As análises do Executivo estão descoladas da realidade, na opinião do deputado Bira do Pindaré (PSB-MA). “Uma coisa é olhar os números na frieza do ar condicionado e outra é a realidade que a gente vive. Conversem com as pessoas e acabem com o discurso de fraude, porque fraude há em todo lugar. Se fraude for critério, vamos fechar as portas de tudo.”

O deputado José Guimarães (PT-CE) afirmou que as mudanças da PEC aumentarão a pobreza rural. “O direito à aposentadoria é clausula pétrea.”

Em março, treze partidos se posicionaram contra a inclusão da aposentadoria rural na reforma.

Dados do governo
Representante do governo na audiência, o secretário especial adjunto de Previdência e Trabalho no Ministério da Economia, Bruno Bianco, afirmou que as mudanças propostas na reforma da Previdência (PEC 6/19) são baseadas em dados e não mentiras.

Segundo Bianco, “muita mentira é dita em relação ao trabalhador rural”. Ele cita, por exemplo, a diferença na expectativa de sobrevida. “No urbano e no rural é muito próxima”, disse. Bianco também destacou que 3 em cada 4 trabalhadores que começam a trabalhar antes dos 14 anos moram nas cidades e não no campo.
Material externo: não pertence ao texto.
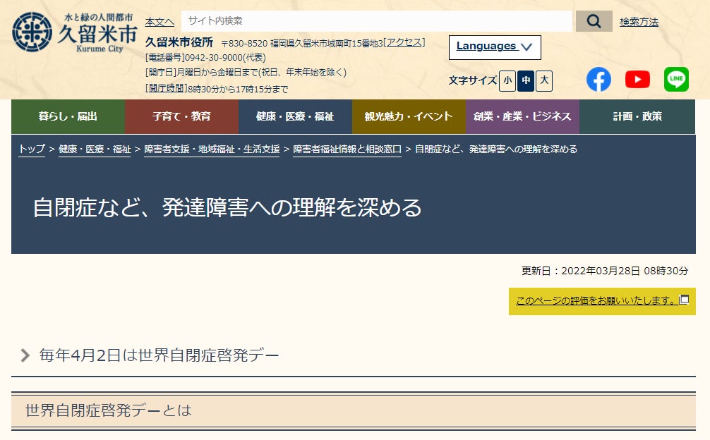 久留米市のホームページ内でもWarm Blue KURUME 2022について掲載されましたーっ!!今回も共催として、障害福祉課をはじめ久留米市にはたくさんのご協力をいただいています。そんな中で今回はホームページでも「世界自閉症啓発デーについて」「久留米市での取り組み」「アンケートへのご協力のお願い」「発達障害の理解のために」という内容で掲載頂いています。少しでも多くの方の目に触れ、理解の輪が広まることを期待しています。是非、一度ご確認と拡散をお願い致します。また、アンケートへのご協力もよろしくお願い致します。久留米市HP
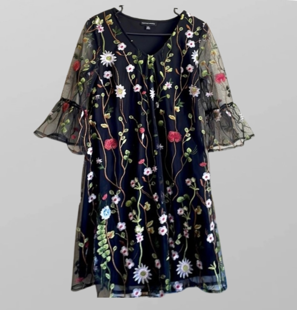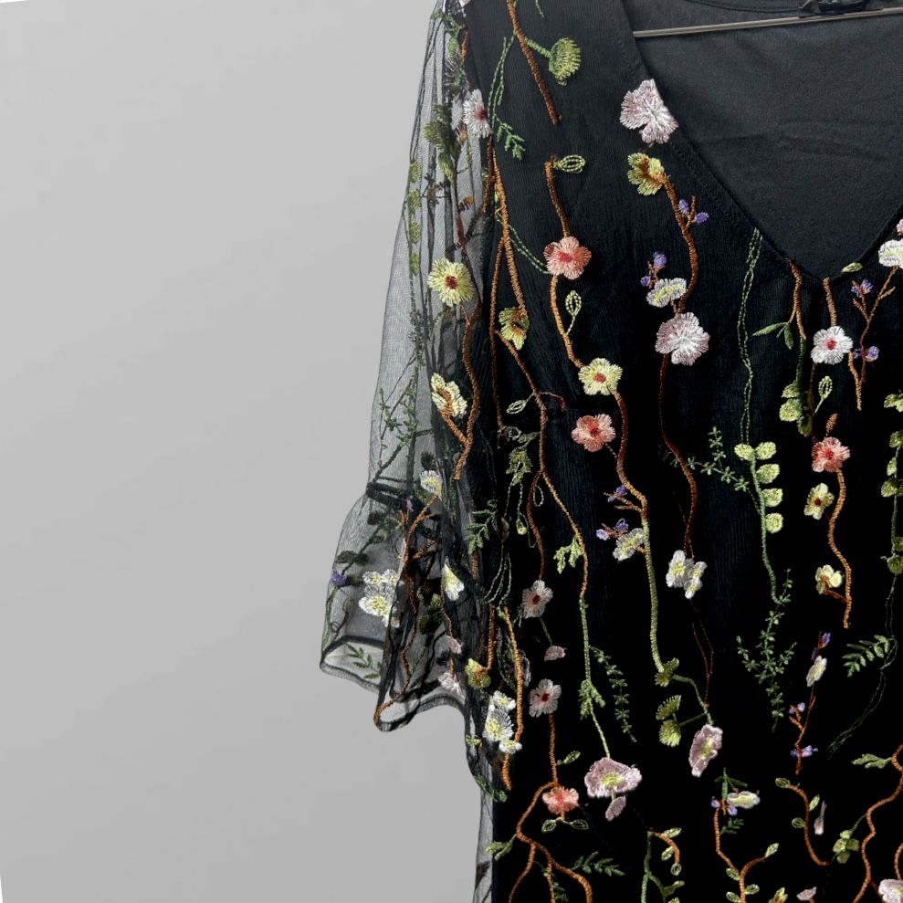 הפרחים הרקומים לאורך הבד מעניקים לה תחושת טבע וחיות, שמדגישה את הייחודיות שלה לעומת שמלות שחורות חלקות. הרקמה הצבעונית שוברת את המראה הדרמטי ויוצרת ניגודיות מושלמת שמרימה כל הופעה. השמלה מתאימה במיוחד לנשים שאוהבות פריטים שגורמים להן להרגיש מיוחדות – פריטים שיש בהם סיפור ועיצוב עשיר.

E que a maioria (60%) dos que vivem em extrema pobreza também estão em ambiente urbano. “Peço perdão pela palavra, mas é mentira e temos de desdizer todas as falsidades que se dizem em relação ao rural. É nossa função enquanto governo desdizer essas falácias.”

O secretário afirmou que a mudança sugerida na reforma vai fazer com que o trabalhador rural tenha acesso a outros benefícios previdenciários, como auxílio-doença e salário-maternidade. “Hoje o rural é excluído do sistema. Ele só nasce para o INSS quando se aposenta.”
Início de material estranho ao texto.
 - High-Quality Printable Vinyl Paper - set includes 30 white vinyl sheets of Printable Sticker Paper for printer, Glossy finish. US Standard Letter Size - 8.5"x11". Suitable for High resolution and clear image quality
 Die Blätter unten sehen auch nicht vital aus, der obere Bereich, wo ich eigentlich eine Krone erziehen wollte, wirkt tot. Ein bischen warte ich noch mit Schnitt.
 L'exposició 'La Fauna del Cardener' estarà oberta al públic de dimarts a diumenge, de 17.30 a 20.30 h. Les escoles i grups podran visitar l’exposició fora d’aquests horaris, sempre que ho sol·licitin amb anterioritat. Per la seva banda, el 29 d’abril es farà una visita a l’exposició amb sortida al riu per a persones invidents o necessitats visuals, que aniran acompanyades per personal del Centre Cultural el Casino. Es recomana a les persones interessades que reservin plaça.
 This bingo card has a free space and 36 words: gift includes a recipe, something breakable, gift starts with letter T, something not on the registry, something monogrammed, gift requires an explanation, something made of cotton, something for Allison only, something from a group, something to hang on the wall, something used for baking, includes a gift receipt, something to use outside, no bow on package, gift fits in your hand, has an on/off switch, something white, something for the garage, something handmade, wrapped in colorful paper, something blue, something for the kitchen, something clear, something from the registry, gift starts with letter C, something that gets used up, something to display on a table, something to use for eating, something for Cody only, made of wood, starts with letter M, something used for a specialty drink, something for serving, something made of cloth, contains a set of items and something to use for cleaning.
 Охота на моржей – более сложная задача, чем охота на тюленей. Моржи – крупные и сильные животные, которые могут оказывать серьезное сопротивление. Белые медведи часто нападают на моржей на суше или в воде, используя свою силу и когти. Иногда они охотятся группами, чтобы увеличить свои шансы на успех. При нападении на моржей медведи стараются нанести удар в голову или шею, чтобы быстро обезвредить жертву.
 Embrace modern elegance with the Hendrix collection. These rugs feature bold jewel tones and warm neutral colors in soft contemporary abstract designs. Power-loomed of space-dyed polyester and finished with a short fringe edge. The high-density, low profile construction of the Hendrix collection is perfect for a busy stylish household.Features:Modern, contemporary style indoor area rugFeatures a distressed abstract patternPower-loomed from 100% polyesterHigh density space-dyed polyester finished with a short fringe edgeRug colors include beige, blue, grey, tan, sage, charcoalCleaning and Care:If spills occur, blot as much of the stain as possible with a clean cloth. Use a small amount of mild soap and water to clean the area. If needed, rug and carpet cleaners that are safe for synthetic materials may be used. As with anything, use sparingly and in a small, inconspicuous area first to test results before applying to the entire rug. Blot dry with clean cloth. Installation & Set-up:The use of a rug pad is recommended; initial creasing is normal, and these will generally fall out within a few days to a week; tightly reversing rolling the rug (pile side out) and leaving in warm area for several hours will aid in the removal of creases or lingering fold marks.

A reforma estabelece idade mínima de 60 anos para trabalhadores e trabalhadoras rurais. Hoje, as mulheres do campo se aposentam aos 55 anos. A proposta também amplia de 15 para 20 anos o tempo de contribuição para os dois sexos. As mudanças serão feitas gradativamente, segundo a PEC, até atingir os valores pretendidos em 2030.

Além disso, os segurados especiais (trabalhadores rurais e pescadores artesanais) vão precisar pagar pelo menos R$ 600 por ano referente ao faturamento da produção.
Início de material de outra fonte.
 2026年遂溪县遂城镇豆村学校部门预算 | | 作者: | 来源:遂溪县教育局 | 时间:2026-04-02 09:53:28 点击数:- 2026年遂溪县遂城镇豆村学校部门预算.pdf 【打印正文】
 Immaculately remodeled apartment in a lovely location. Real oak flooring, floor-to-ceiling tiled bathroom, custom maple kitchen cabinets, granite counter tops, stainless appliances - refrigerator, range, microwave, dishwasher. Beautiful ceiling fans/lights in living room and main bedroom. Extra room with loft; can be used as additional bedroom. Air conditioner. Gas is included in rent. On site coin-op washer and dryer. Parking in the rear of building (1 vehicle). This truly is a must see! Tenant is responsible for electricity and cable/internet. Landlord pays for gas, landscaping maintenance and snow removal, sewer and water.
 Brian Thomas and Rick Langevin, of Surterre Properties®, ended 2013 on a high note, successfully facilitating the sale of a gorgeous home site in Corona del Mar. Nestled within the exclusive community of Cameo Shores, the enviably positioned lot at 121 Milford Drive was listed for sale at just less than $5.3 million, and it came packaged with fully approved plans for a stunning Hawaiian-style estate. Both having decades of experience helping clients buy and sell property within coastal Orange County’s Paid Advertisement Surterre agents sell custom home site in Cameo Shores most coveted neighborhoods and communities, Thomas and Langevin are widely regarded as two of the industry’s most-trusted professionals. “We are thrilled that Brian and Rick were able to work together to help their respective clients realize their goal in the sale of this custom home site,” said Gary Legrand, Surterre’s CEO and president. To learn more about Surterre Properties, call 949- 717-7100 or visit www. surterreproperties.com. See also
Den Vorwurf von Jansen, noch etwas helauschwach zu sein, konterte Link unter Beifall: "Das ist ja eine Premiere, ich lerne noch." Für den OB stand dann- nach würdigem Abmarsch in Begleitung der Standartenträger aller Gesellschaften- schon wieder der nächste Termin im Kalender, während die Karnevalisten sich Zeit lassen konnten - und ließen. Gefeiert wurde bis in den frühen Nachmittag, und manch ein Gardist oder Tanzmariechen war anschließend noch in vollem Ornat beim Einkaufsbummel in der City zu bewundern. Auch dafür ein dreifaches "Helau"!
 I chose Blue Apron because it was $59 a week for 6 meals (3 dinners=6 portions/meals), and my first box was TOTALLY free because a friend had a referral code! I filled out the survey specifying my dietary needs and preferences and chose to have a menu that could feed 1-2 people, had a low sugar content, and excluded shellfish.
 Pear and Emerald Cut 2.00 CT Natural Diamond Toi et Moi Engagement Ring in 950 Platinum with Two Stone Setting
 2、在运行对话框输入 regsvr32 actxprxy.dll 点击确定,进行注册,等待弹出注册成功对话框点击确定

“O rural já contribui para o sindicato com R$ 20 por mês por pessoa, na média. Portanto, eles já pagam para o sindicato mais do que pagarão para a Previdência”, ponderou Bianco. Segundo ele, o governo chegou ao valor da contribuição de R$ 600, por núcleo familiar, a partir do cálculo do faturamento médio de agricultores familiares nos últimos anos.

O governo pretende economizar R$ 92 bilhões em 10 anos com as mudanças de aposentadoria para os segurados especiais, ou 7,5% dos R$ 1,2 trilhão desejados pelo Executivo.